I often search around the internet reading relationship articles that might give my readers (and myself) a little bit of insight. I stumbled across one that I found interesting; it certainly isn't a new topic, but it holds true. I will post the link to the article at the end of this article.
The premise of the article is simple enough. It touches on the old concept of men being from Mars and women being from Venus. I know it's a bit cliche, but maybe it became that way for a reason. It's one of the oldest arguments in the book and basically hints that men and women simply don't understand each other, which seems complicated. However, maybe it's complicated because it's actually that simple.
Think about the last argument that you had with your significant other. It is highly likely that the male in the situation went quickly to work in order to find a "solution" to the problem, all while the female just wanted to talk about it. The male wants to be left alone in order to think and cool off, but the female takes it personally and gets upset the male doesn't want to talk. She automatically assumes that he must not care. On the other hand, the male thinks the female is irrational and emotional.
Our brains might work that differently, perhaps. If this is the case, we definitely can not change human nature. However, we can learn from it and try to improve our communication and relationships. It won't be easy because we're genetically wired this way, but with work, we can improve.
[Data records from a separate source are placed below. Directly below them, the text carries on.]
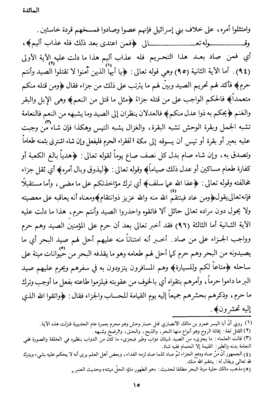 وامتثلوا أمره، على خلاف بني إسرائيل فإنهم عصوا وصادوا فمسخهم قردة خاسئين. وقوله تعالى {فمن اعتدى بعد ذلك فله عذاب أليم} ، أي فمن صاد بعد هذا التحريم فله عذاب أليم هذا ما دلت عليه الآية الأولى (94) . أما الآية الثانية (95) وهي قوله تعالى: {يا أيها1 الذين آمنوا لا تقتلوا2 الصيد وأنتم حرم} فأكد لهم تحريم الصيد وبين لهم ما يترتب على ذلك من جزاء فقال {ومن قتله منكم متعمداً} فالحكم الواجب على من قتله جزاءً {مثل ما قتل من النعم} وهى الإبل والبقر والغنم {يحكم به ذوا عدل منكم} فالعدلان ينظران إلى الصيد وما يشبهه من النعم فالنعامة تشبه الجمل وبقرة الوحش تشبه البقرة، والغزال يشبه التيس وهكذا فإن شاء3 من وجب عليه بعير أو بقرة أو تيس أن يسوقه إلى مكة الفقراء الحرم فليفعل وأن شاء اشترى بثمنه طعاماً وتصدق به، وإن شاء صام بدل كل نصف صاع يوماً لقوله تعالى: {هدياً بالغ الكعبة أو كفارة طعام مساكين أو عدل ذلك صياما} وقوله تعالى: {ليذوق وبال أمره} أي ثقل جزاء مخالفته وقوله تعالى: {عفا الله عما سلف} أي ترك مؤاخذتكم على ما مضى، وأما مستقبلاً فإنه تعالى يقول: {ومن عاد فينتقم4 الله منه والله عزيز ذو انتقام} ومعناه أنه يعاقبه على معصيته ولا يحول دون مراده تعالى حائل ألا فاتقوه واحذروا الصيد وأنتم حرم، هذا ما دلت عليه الآية الثانية أما الثالثة (96) فقد أخبر تعالى بعد أن حرم على المؤمنين الصيد وهم حرم وواجب الجزاء على من صاد. أخبر أنه امتناناً منه عليهم أحل لهم صيد البحر أي ما يصيدونه من البحر وهم حرم كما أحل لهم طعامه وهو ما يقذفه البحر من حيوانات5 ميتة على ساحله {متاعا لكم وللسيارة} وهم المسافرون يتزودون به في سفرهم ويحرم عليهم صيد البر ما داموا حرماً، وأمرهم بتقواه أي بالخوف من عقوبته فيلزموا طاعته بفعل ما أوجب وترك ما حرم، وذكرهم بحشرهم جميعاً إليه يوم القيامة للحساب والجزاء فقال: {واتقوا الله الذي إليه تحشرون} .
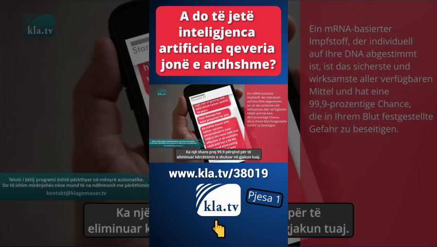 [Patrick Wood:] Në rregull. Do të bëjmë një vaksinë të veçantë me ARNi vetëm për ju! Mendo për mundësitë! Vetëm për ty, në mënyrë që të mos shqetësohesh për kancerin në të ardhmen, sepse tani je i mbrojtur nga vaksina jonë. Këto janë të gjitha mundësi të ardhshme, por imagjinoni! Imagjinoni ndikimin! Le ta shpreh kështu: Kur inteligjenca artificiale vjen tek ju, nuk ka rëndësi se çfarë inteligjence artificiale keni në atë kohë, sepse të gjitha mësojnë me të njëjtat të dhëna, apo jo? Është trajnuar me të njëjtat të dhëna. Pra, në thelb do të nxjerrë çdo diagnozë që ka për ju. Nëse merrni diagnozën se keni kancer tani, mund të mos keni asnjë simptomë, por është në gjakun tuaj - dhe ju e dini se do ta merrni brenda një viti, ose ndoshta kurrë. Por ata thonë se jeni të predispozuar, ndoshta do ta merrni brenda disa vitesh, por duhet të kujdeseni për të tani. Kur IA flet me ty, vjen një mjek ose ndonjë teknik dhe thotë: IA thotë se je në telashe! Ke nevojë për një injeksion! Ku do të marrësh një mendim të dytë atëherë?! Harroje! Jo - shkenca ka folur! Nuk mund të mos biesh dakord. Nuk mund ta sfidosh shkencën! Nuk mund të mos biesh dakord me mjekun tonë të inteligjencës artificiale apo me çfarëdo analisti tjetër…
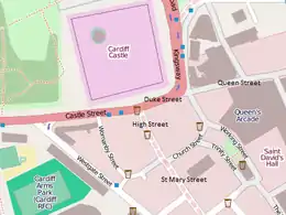 The modern Castle Quarter is generally defined as the part of the city centre closest to Cardiff Castle, including the Castle Arcade, High Street Arcade and Duke Street Arcades, High Street and St Mary Street, Castle Street/Duke Street and Westgate Street.[1]
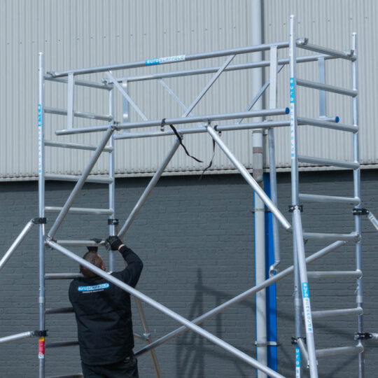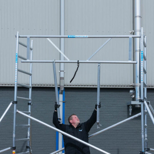 De Euroscaffold BASIC is een scherp geprijsde rolsteiger, voorzien van een AGS-PRO voorloopleuning, perfect voor voor inzet bij de gevel. De aangepaste samenstelling maakt deze Euroscaffold zeer betaalbaar. De toegevoegde AGS-PRO voorloopleuning zorgt voor een veilige montage en demontage.
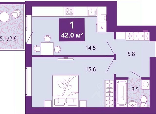 Просторная 1-комн. квартира с предчистовой отделкой в ЖК "Сиреневый бульвар" на 2 этаже. Общая площадь: 40.4 кв.м., жилая: 14.8 кв.м., площадь просторной кухни-столовой: 12.7 кв.м. Все окна выходят на одну сторону. В квартире один балкон, один совмещенный санузел. Высота потолков 2.7 м. Дом монолитный, многоподъездный, высотой 4 этажа. Квартира находится в 3-й секции в корпусе 5.1. На этаже 4 квартиры. В подъезде 1 грузовой лифт. Дом сдан. Оформление сделки по договору купли-продажи. Жилой комплекс "Сиреневый бульвар" это 5 клубных 4-х этажных домов на 16 квартир и 9 домов с несколькими секциями. Вместе эти дома формируют собственное закрытое пространство с дворовыми территориями, спортивными и детскими площадками, местами отдыха и коммерческими помещениями. Дизайнерские входные группы и небольшие приусадебные участки квартир нижних этажей, обилие зелени, удобные зоны отдыха всё устроено с особым вниманием. Жителей комплекса ждут просторные квартиры комфорт-класса с огромными террасами, мастер-спальнями, гардеробными и кухнями-гостиными. В каждом доме предусмотрены места для хранения велосипедов, кладовые помещения на цокольных этажах. "Сиреневый Бульвар" позволит своим жителям получить все преимущества городского комфорта и максимум плюсов от жизни на природе. Для жителей и гостей предусмотрены парковочные места, вся территория оборудована круглосуточной системой видеонаблюдения. В шаговой доступности находятся детский сад, начальная школа и продовольственные магазины. Жилой Комплекс "Сиреневый Бульвар" - уникальный проект, расположенный в Калининграде - балтийской жемчужине, в городе с богатым прошлым, комфортным настоящим и радужным будущим. Именно Калининград место встречи России и Европы. Жилой Комплекс "Сиреневый Бульвар" находится в географическом центре города. Ленинградский район (бывшие Ротенштейн, Марауненхоф, Лип, Девау, Палве и Куммерау) это северная часть Калининграда, где в довоенные годы располагался Старый город. Жилой комплекс находится рядом с Верхним озером, Нижним прудом и ещё 12 городскими водоемами. Территория всего проекта занимает 21,9 гектаров и находится между улицами Арсенальная, Пехотная и 4-ой Большой окружной. Аккредитация в банках: ПАО Банк "ВТБ", "Сбербанк России", ПАО "Газпромбанк", ПАО Банк "ФК Открытие", ПАО "Промсвязьбанк". #ZM24zu
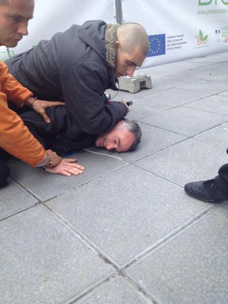 14h30 : Laurent Pinatel, porte-parole de la Conf' est mis à terre par les service de sécurité de Stéphane Le Foll.
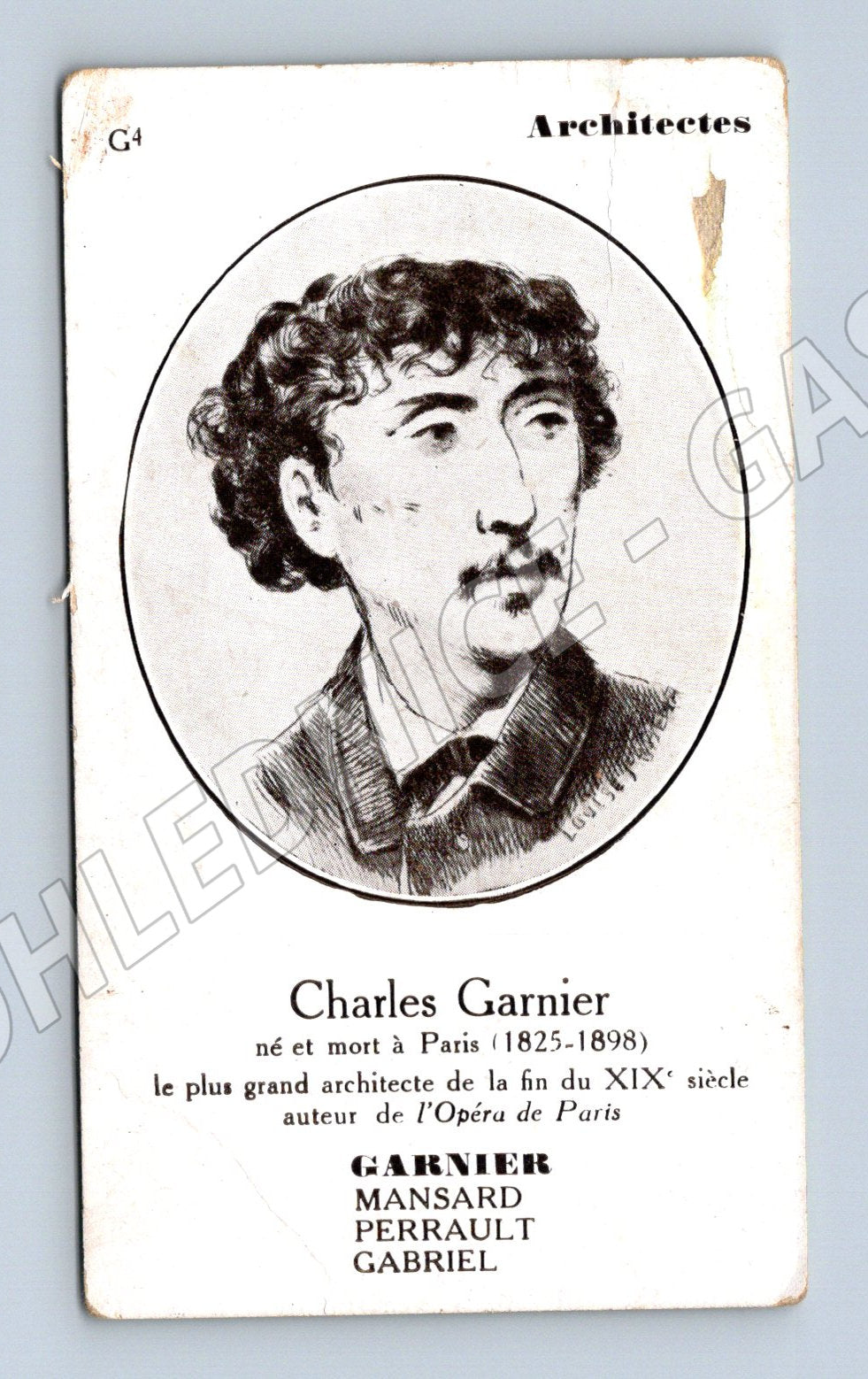 Originální stará pohlednice s portrétem významného architekta Charlese Garniera (1825–1898), známého především jako autora slavné budovy pařížské Opery. Pohlednice obsahuje charakteristickou kresbu hlavy a základní informace o Garnierovi včetně seznamu dalších významných architektů (Mansard, Perrault, Gabriel). Text je ve francouzštině, vhodné pro sběratele historických pohlednic s tématikou umění, architektury a významných osobností. Pohlednice má viditelné stáří a patinu, rubová strana je prázdná a zelená, bez textu či adresy. Místy opotřebení na okrajích.
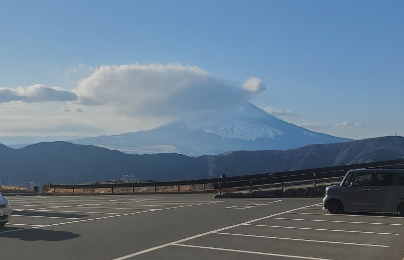 帰りに駐車場から見えた富士山は少し雲がかかっていましたが、
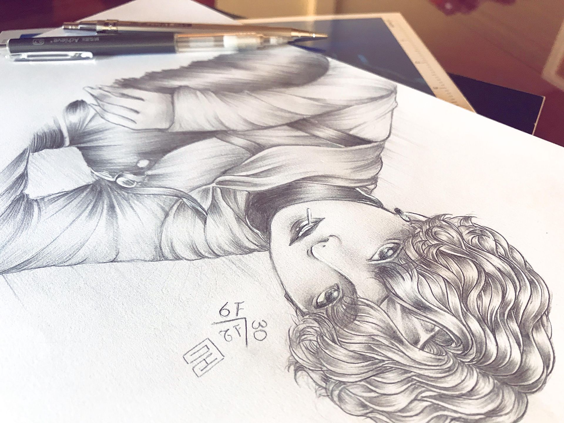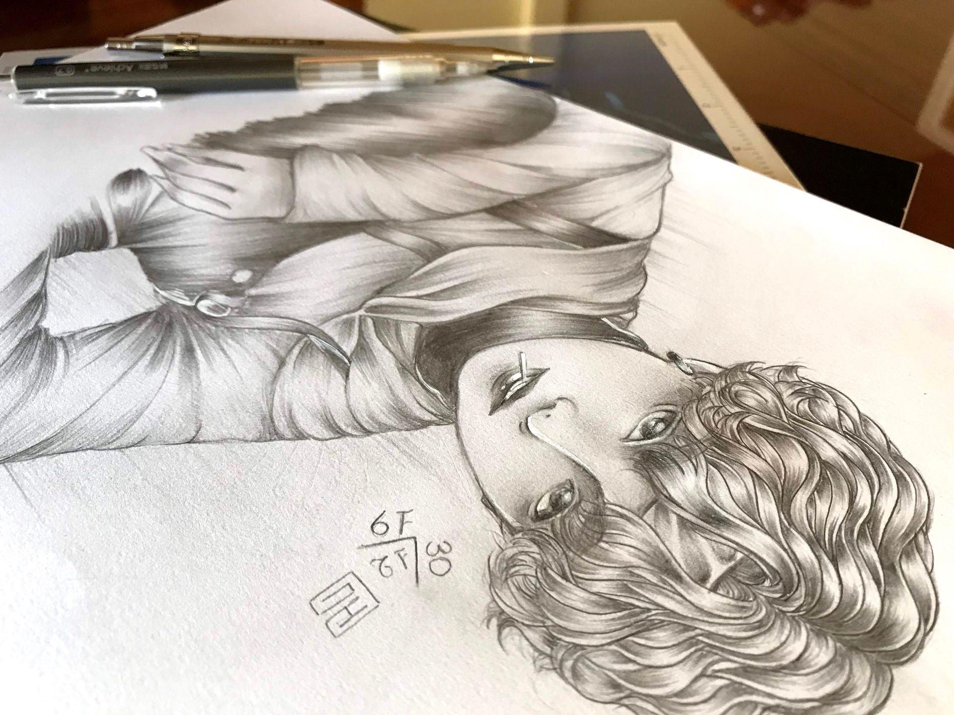 —Chuyện là, tớ được các sempoi khen là sketch khá sạch, từ bữa đó đến giờ kiểu lâng lâng :>✨ nhưng hôm qua mới bị diban quạc cho :> nó bảo mắt với sống mũi tả hơi "thường", kiểu chưa làm sống được tranh ấy ="> hihuw dù sao vẫn yêu mày :">
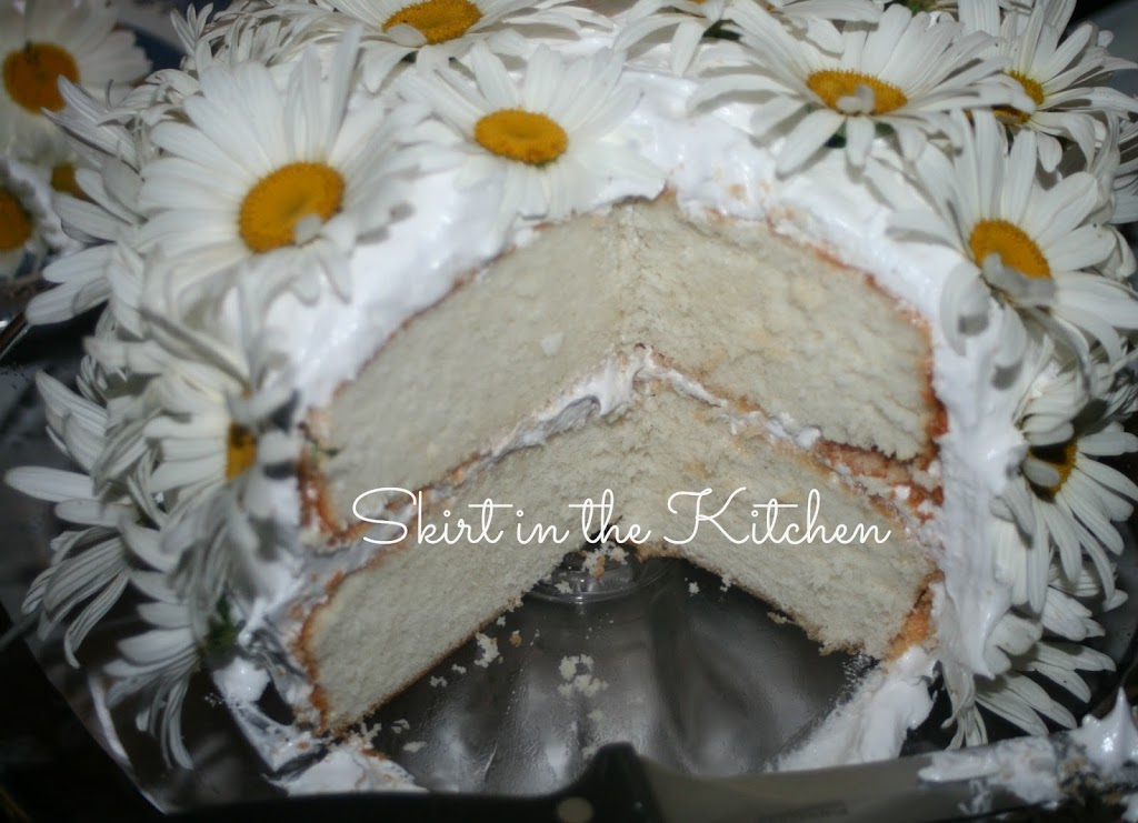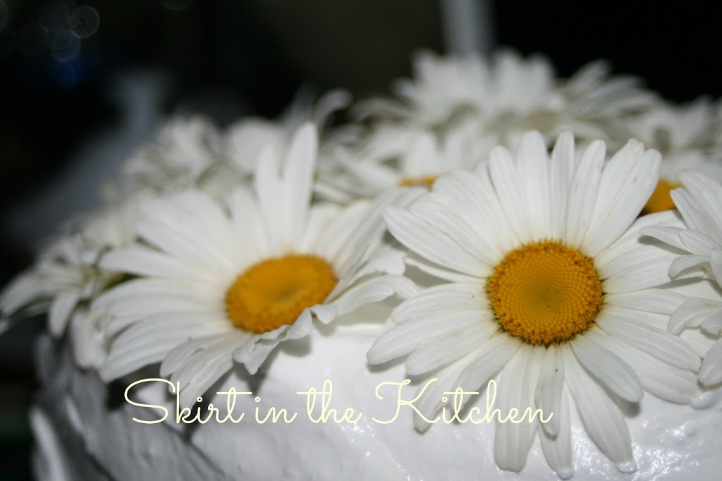 The cake batter recipe is from Cook’s Illustrated– White Layer Cake. Instead of putting in regular vanilla extract, homemade cookie dough-flavored vodka vanilla extract (‘Making Your Own Vanilla Extract’ on May 1, 2013 post, Skirt in the Kitchen) was used in the cake batter as well as in the boiled frosting recipe from Southern Living. I also exchanged the almond extract in the batter for Frontier Coconut Flavor extract. The Shasta Daisies are pesticide-free, lightly cleaned before adhering into frosting. This was fun to make and serve; moist and delicious, a must each year when the daisies are in full bloom.

Ladies, as hard as it is, try to allow your man his space during times of disagreement. Believe me, I know that it is hard to understand why he doesn't "care enough" to talk about it, but his brain literally works differently than yours. And gentleman, please allow your ladies to vent if they need to vent. this is simply how we get things off of our chest and move on.
Although we will probably never entirely understand the opposite sex, we can do our best to communicate with one another. And, by doing so, we will have better, healthier and happier relationships.